The Allens were living near Anchorage, Alaska when David retired from the military. David was not sure where he wanted to live in retirement, but there was one thing he was sure about. “We were tired of the snow,” he says. In search of a milder climate, they moved to Washington.
David knew he wanted to continue serving others in retirement, so he checked into the Red Cross — first becoming a volunteer in 2015. It was an easy call for them. “My wife and I knew we wanted to work with the Red Cross,” he says. “We couldn't volunteer as long as I was involved with the National Guard. When I retired, we both volunteered.”
David admits he had only a hazy idea of what the Red Cross did when he joined up. “We knew they helped people during disasters, but we thought that mostly involved handing out coffee and donuts.” He has been involved in enough deployments since then to know exactly what the Red Cross does, which is a whole lot of things that provide aid to victims of fire, flood and storm.
He and Sherrie both serve on disaster action teams (DAT) in his home Northwest Washington chapter. The chapter is headquartered in Everett and serves five counties in the Northwest corner of the state. It is part of the Red Cross Northwest Region, serving Washington and the five northern counties of Idaho.
DAT teams deliver Red Cross services to disaster scenes in their backyards. Mostly that involves house fires, but can also include wildfires, landslides, storms and floods. One of Allen's most memorable responses to a nearby disaster was the 2022 Everson flood in Whatcom County, The Nooksack River overflowed its banks and roared down Everson’s Main Street in a wall of water five feet high. The Allens have also responded to flooding from King Tides that swept in from the Pacific.

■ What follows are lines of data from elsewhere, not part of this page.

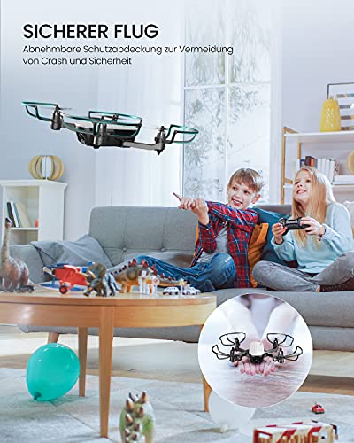 Geeignet ist der Copter daher auch als Drohne für Kinder ab ca. 10 Jahren, die bis zum 14. Lebensjahr jedoch nur unter Aufsicht eines Erwachsenen mit der Drohne fliegen sollten.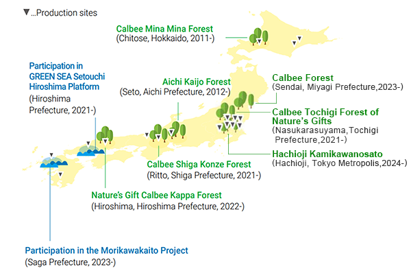The Calbee Group utilizes a large amount of potatoes, nature's gift. Growing potatoes requires a large amount of water. The Calbee Group engages in forest protection activities in the Calbee Mina Mina Forest (Chitose, Hokkaido), Calbee Forest (Sendai, Miyagi Prefecture), Calbee Tochigi Nature’s Gift Forest (Nasukarasuyama, Tochigi Prefecture), Aichi Kaisho Forest (Seto, Aichi Prefecture), Calbee Shiga Konze Forest (Ritto, Shiga Prefecture), and Nature’s Gift Calbee Kappa Forest (Hiroshima, Hiroshima Prefecture) with the aim of developing and maintaining sustainable water resources and promoting forest development in disaster-afflicted areas. These activities are carried out by the employees themselves, which serves to remind them of the gifts of nature and of the responsibilities involved in using precious groundwater. In 2024, the Group participated in the Hachioji Kamikawanosato, a project to maintain and promote the use of forests in Hachioji, Tokyo.
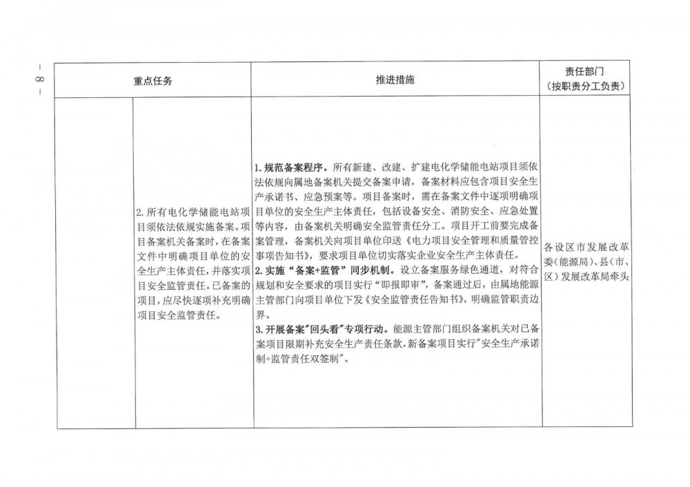 (二)规范项目备案管理。所有新建、改建、扩建电化学储能电站项目须依法依规向属地发展改革部门提交备案申请,备案材料应包含项目安全生产承诺书、应急预案等。项目备案时,需在备案文件中逐项明确项目单位的安全生产主体责任,包括设备安全、消防安全、应急处置等内容。对已备案项目,应组织开展备案“回头看”,限期补充完善安全生产责任条款。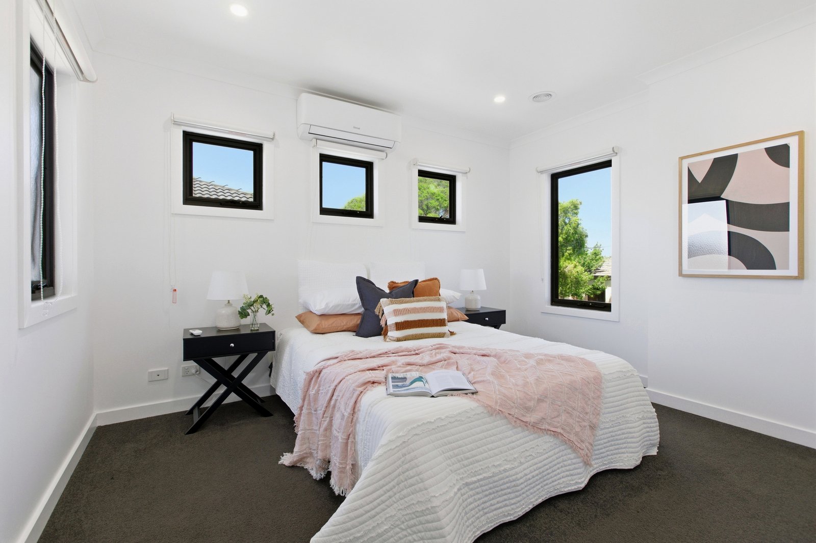 Optioned up with exceptional storage including built-in and walk-in robes, and sized up with a huge ground-floor powder-room and family-sized laundry, this centrally heated and cooled home features additional reverse-cycle split-systems upstairs and down, authentic Australian hardwood floors alongside plush carpet, and block-out blinds supplemented by security (and climate-controlling) roller-shutters.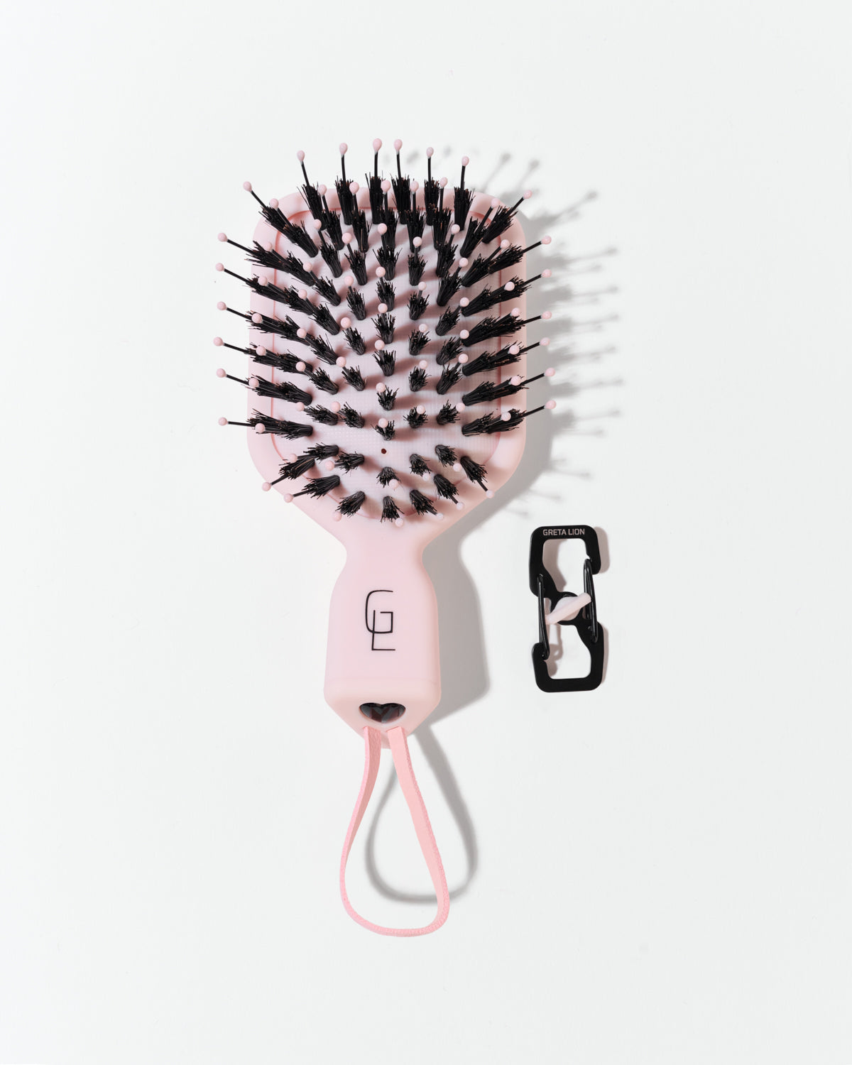 Its convenient size allows you to carry the brush everywhere, making it not only an essential everyday accessory, but also a great choice for travel. The set includes a clip for attaching the brush to your bag or other accessories.

If many Red Cross responses have been around the corner, some have been far from home. In one memorable episode, they drove a Red Cross emergency response vehicle (ERV) 3,000 miles from Washington to Hurricane Irma in Florida. “When we were done in Florida, we drove the ERV back 3,000 miles to Washington,” he says. “We had only been home for 10 days when they asked us to drive the ERV to California where they were having wildfires,”
Before that summer was over, the couple had driven the ERV over 10,000 miles. “That was a great experience,” David says. “I would do it again in a heartbeat.”
Ryan Mcallister, disaster program manager for the Red Cross Northwest Chapter, says he appreciates how quick David and Sherrie are to respond when called upon. Both have volunteered to deploy to a disaster scene even before they were called on.
A major Red Cross effort in the fall of 2023 was the response to wildfires that swept the countryside near Spokane. The couple had been deployed to a hurricane that threatened Texas. “But it never arrived,” David says. “We spent three days down there and nothing was happening,” David says. At the same time, the Oregon Road fire near Spokane was getting bigger and bigger.
“We called up the incident commander of the Oregon Road fire and asked if we could go directly there without going home,” David says. In the end, the Allens spent 10 days at the Oregon Road fire, a blaze that stands out in David’s mind for its sheer ferocity.
“I have been to war twice yet I had never seen the destruction that a wildfire can cause,” he says. “I saw block after block with everything destroyed. I saw homes burned down to their foundations and burned cars with their metal frames melted.”
Having seen what damage natural disasters cause, and how much relief a Red Cross response can bring, they intend to keep volunteering as long as they can do so. “It's a great way to serve your fellow human,” David says. “We always look at the service we give clients as an extension of our Christian obligation to serve.”